What the Add-On Density Atlas now substantiates
Industrial Patterns Add-On Density Atlas — Building Materials, Second Edition, maps where add-on opportunities concentrate geographically and how the establishment footprint has shifted over the five-year window through 2023. The atlas does not answer the triage question directly — it does not tell an operator which of their owned add-ons to keep and which to let go. What it does is substantiate the underlying market-density question the triage decision presupposes: which segments and counties currently support continued add-on stacking with density behind them, and which have thinned over the prior cycle. For a platform pivoting from indiscriminate stacking to selective triage, the geographic-density evidence substantiates which add-ons currently sit in markets where the underlying density supports continued operation and which sit in markets where the density has eroded — a substrate the operating model alone cannot produce.
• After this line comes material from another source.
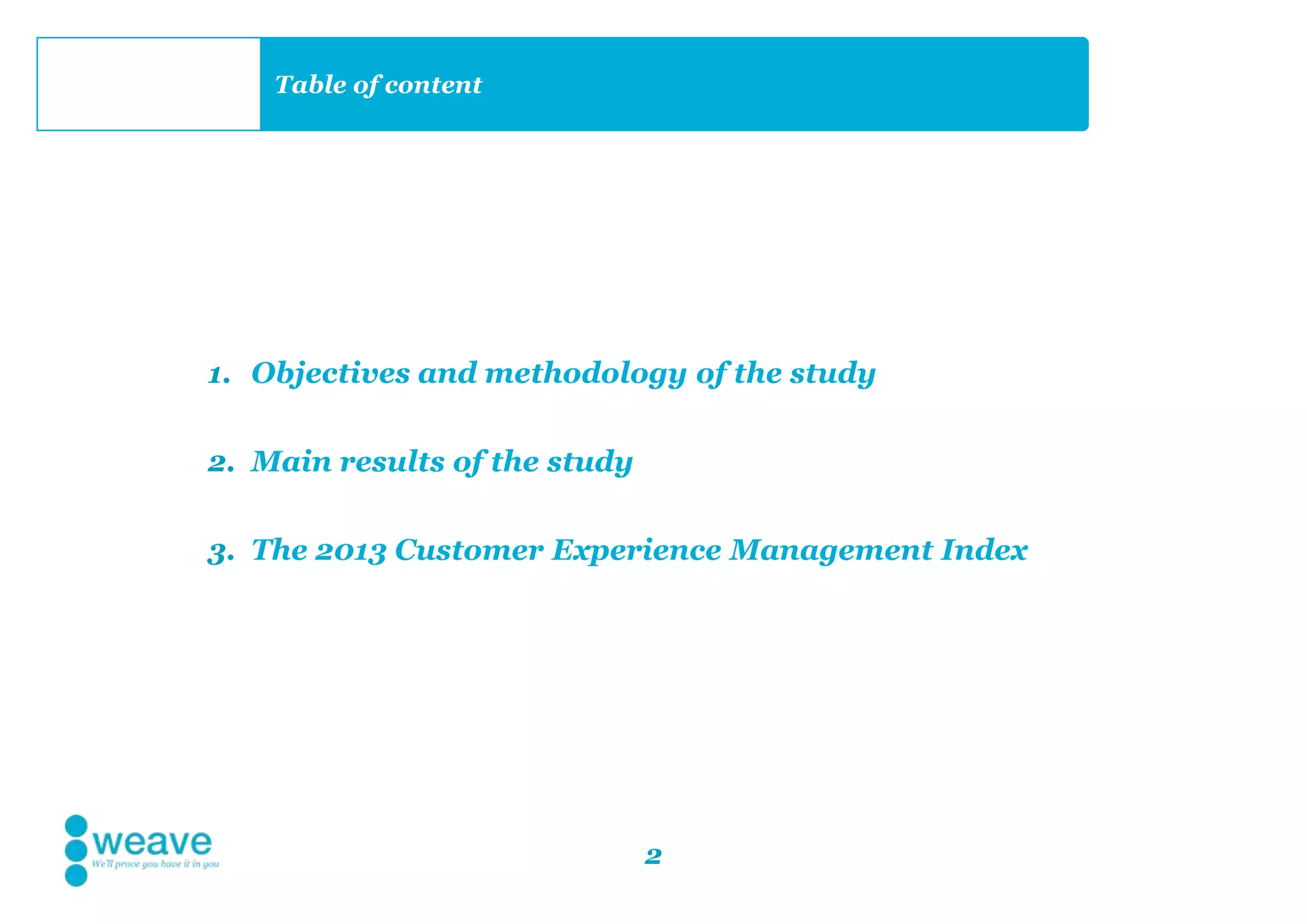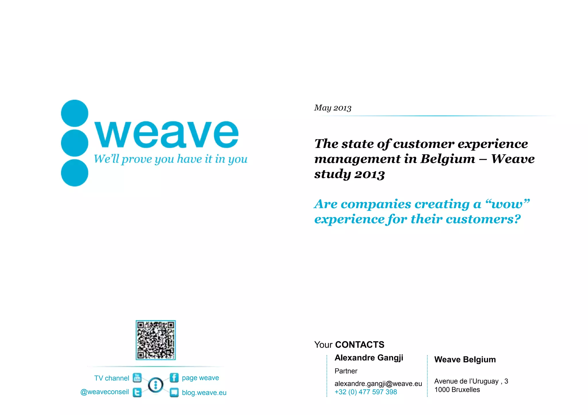 This document presents the results of a study on customer experience management in Belgium conducted by Weave. The study assessed 24 major companies across 4 industries: energy, retail banking, telecommunications, and transportation. The main findings were:

The mid-tier building products platforms I watched try to triage add-on portfolios mid-hold did so without geographic evidence to substantiate which markets had thinned and which had thickened — and the operators who got it right usually built the evidence themselves through patient market observation. Having an external descriptive substrate against which to read the platform’s own portfolio is not a substitute for that operator-level judgment; it is the precondition that lets the platform-and-add-on selection criteria the buy-and-build literature distinguishes get applied retroactively to the portfolio as it actually sits.
The empirical determinants from the academic literature
Hammer, Knauer, Pflücke and Schwetzler’s 2017 study of 9,548 buyouts and 4,937 add-on acquisitions across 86 countries over 16 years establishes the empirical foundation for the triage question: “add-on propensity depends on sponsor reputation, firm size, M&A experience, industry fragmentation and financing conditions.” Two of those determinants are exactly the variables the 2026 environment has reshaped. Fragmentation has compressed in segments where consolidation succeeded; the scale-curve exhaustion traced in the first building products diptych is the same dynamic the academic literature predicts will compress add-on activity. Financing conditions have tightened against the prior decade; the 12 percent EBITDA-growth requirement that 12 Is the New 5 traces is the operating consequence of the same financing-condition shift.
The academic literature therefore predicts the very condition Bain is now describing operationally: add-on activity should be slowing, and the portfolios built under the prior environment now have to triage from a base that was optimized for a different set of fragmentation and financing assumptions. The mid-tier building products platforms holding those portfolios are not facing an unprecedented operating problem; they are facing a predictable consequence of the conditions that produced the 76% velocity environment in the first place.
What 2026 settles
Selective triage in add-on portfolios is not a strategic posture; it is an operating discipline that determines whether the platform can identify its own winners — and the mid-tier building products platforms that scaled fastest in the 76% add-on environment are usually the ones whose own portfolios are now hardest for them to read.